I assured him the fleshy brown bumpy tubes look rather difficult to duplicate, at least with conventional methods and he continued.  “My meatumber-inski’s, which by de way ist a patent-pending trade name, can be eaten by de rich folks wid a steak knife and fancy silver fork, tossed on a steamed hotdog bun wid kraut, or for de Tex-Mex loving crowd, gloriously wrapped in a flour tortilla-ski.  Ist de perfect food!”
He claims to have recently perfected the tasty-looking digits and each greenhouse is a work in progress.  “Now deese,” he points at rows of green and pinkish-looking weiner-bearing plants.  “Deese are wad I call greenie-weenies and will replace dose greasy pork sausages in kolache-inski’s.  Did you know the Czech’s invented de word kolach?  No?  Yah and my greenie-weenies will hab only six calories minus de bun and will promote amazing weight loss.”
I found this truly amazing and asked how he knows this, seeing he doesn’t appear to have a board of scientists on his payroll.  “I am gardener sir.  Gardeners know stuff like dis and it is too technical to cover on simple interview.  Hey, let me show you dese tings!”  He lurches wildly ahead of me and it is the dickens to keep up with the tireless man of the dirt.
He points at a huge steaming pile of “magic droppings” and the odor causes my eyes to burn and I cough out a lung.  “De secret is in de manure!” he says and plunges forward.  I pull my t-shirt up around my nose, as my eyes are watering heavily and follow as best as I can.
We wander over to the next greenhouse and the “meatumbers” here resemble of all things, boudain.  When I loudly point this out, Mr. Slooflirpa ducks down and looks around, pushing his hotdog fingers up to my lips and shushes me.  “I do not want dis to get out just nyet!  My Meatumber-dainski has no rice or pork, only my patented meat-veggies.”  He looks warily around and I do too, but I see only the greenhouse and pinkish bumpy meat-laden plants.  Waving his arms around like a rooster about to crow, he tries in vain to say what is obviously on his heart.  Like I said, he’s as socially awkward as many engineers I know.

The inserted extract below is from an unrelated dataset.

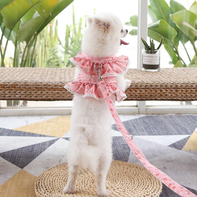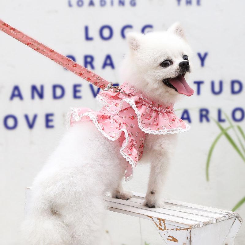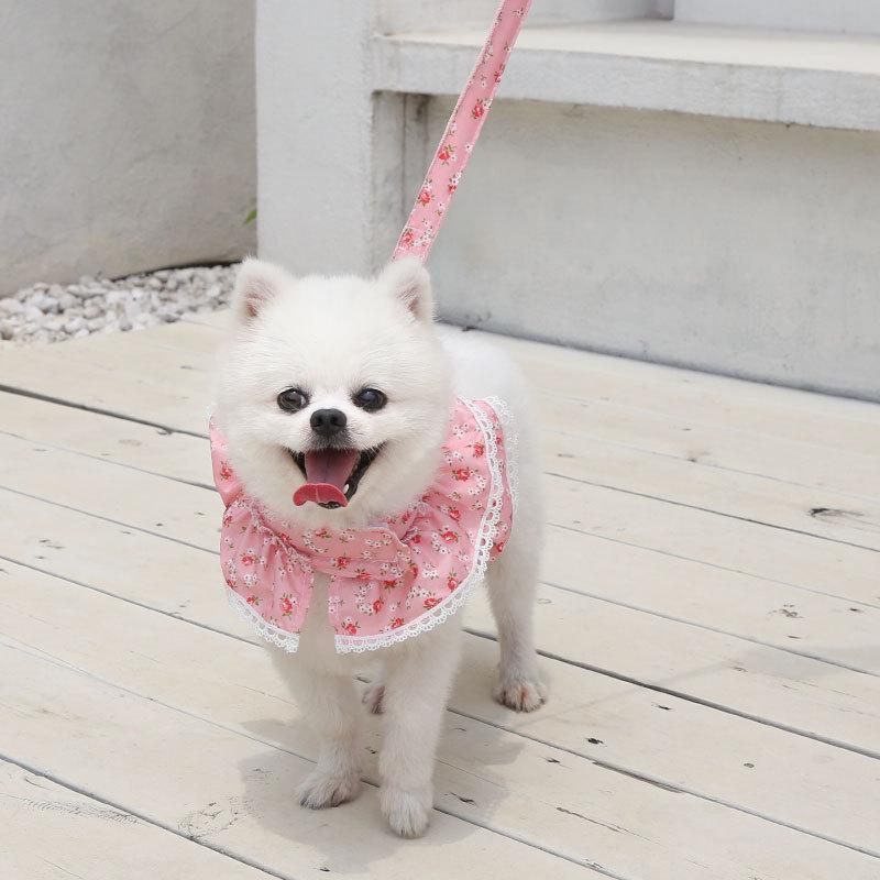 ◎▽241 harness and leash with tender green floral flowers◎▽

“If your, ahem, meatumber-inski becomes as popular as you believe, Mr. Slooflirpa, what is your plans for the area, seeing that you will basically be the main attraction in Harris County?”
“I going to push to hab de city renamed to Crosby-inski to honor my heritage and my tuber-ski’s.”  He is quick to point out they are not real tubers, but do indeed “kinda look like dem”.
Well, there you have it folks, breaking news right here in our area.  I declined to take Mr. Slooflirpa up on his offer to actually taste the “delicious-looking” hybrid, as I had already eaten before the interview, but one thing is for sure, it would probably be real tasty with a side order of Kasza gryczana.